Argument is - Let $K$ be a field and $f(x)$ belonging to $K[x]$ be irreducible, separable polynomial of degree $3$.Then if Galois group of $f$ is $S_3$ , then there are $4$ proper intermediate fields, $K(\delta)$ , $K(a)$ , $K(b)$ , $K(c)$, where $a$, $b$, $c$ are roots of $f$ and $\delta$ is discriminant raised to power $\frac{1}{2}$
Can someone please tell why there must be $4$ intermediate fields.
Let $L$ be the splitting field of $f$ over $K$.
The Galois correspondence provides a one-to-one correspondence between the intermediate fields of $L/K$ and the subgroups of $S_3$.

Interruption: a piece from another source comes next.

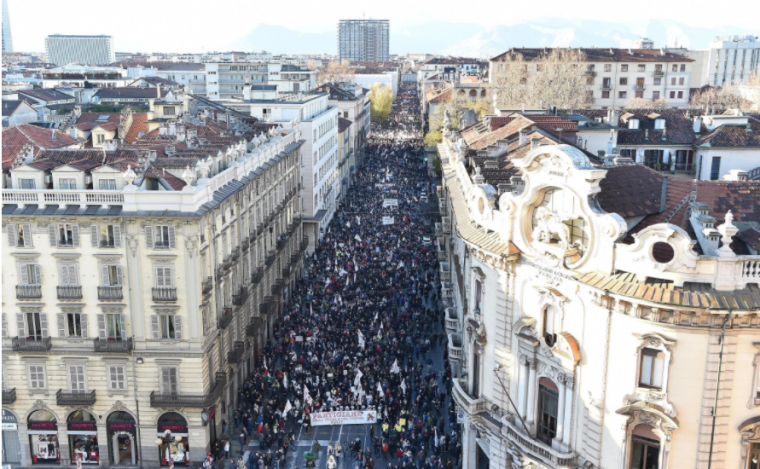 8号下午2点,超过7万民都灵市民从市内 Statuto广场出发,沿着皮埃蒙特首府的街道游行,最终到达卡斯特罗广场(市政府所在地)。人群高举反对都灵到里昂高铁的标语,高呼“我们在这里,现在,永远不要高铁”的口号。

From group theory, we know that $S_3=\{(),(12),(13),(23),(123),(132) \}$ contains three subgroups of order $2$ (= index 3) (the transpositions $(12),(13)$ and $(23)$) and one subgroup of order 3 (= index 2), which is $A_3$.
It is well-known (see also this thread) that the intermediate field corresponding to $A_3$ is generated by $\sqrt{\Delta}$, where $\Delta$ is the discriminant. Then the other three subgroups are then exactly the ones generated by a root of $f$, since $f$ is irreducible.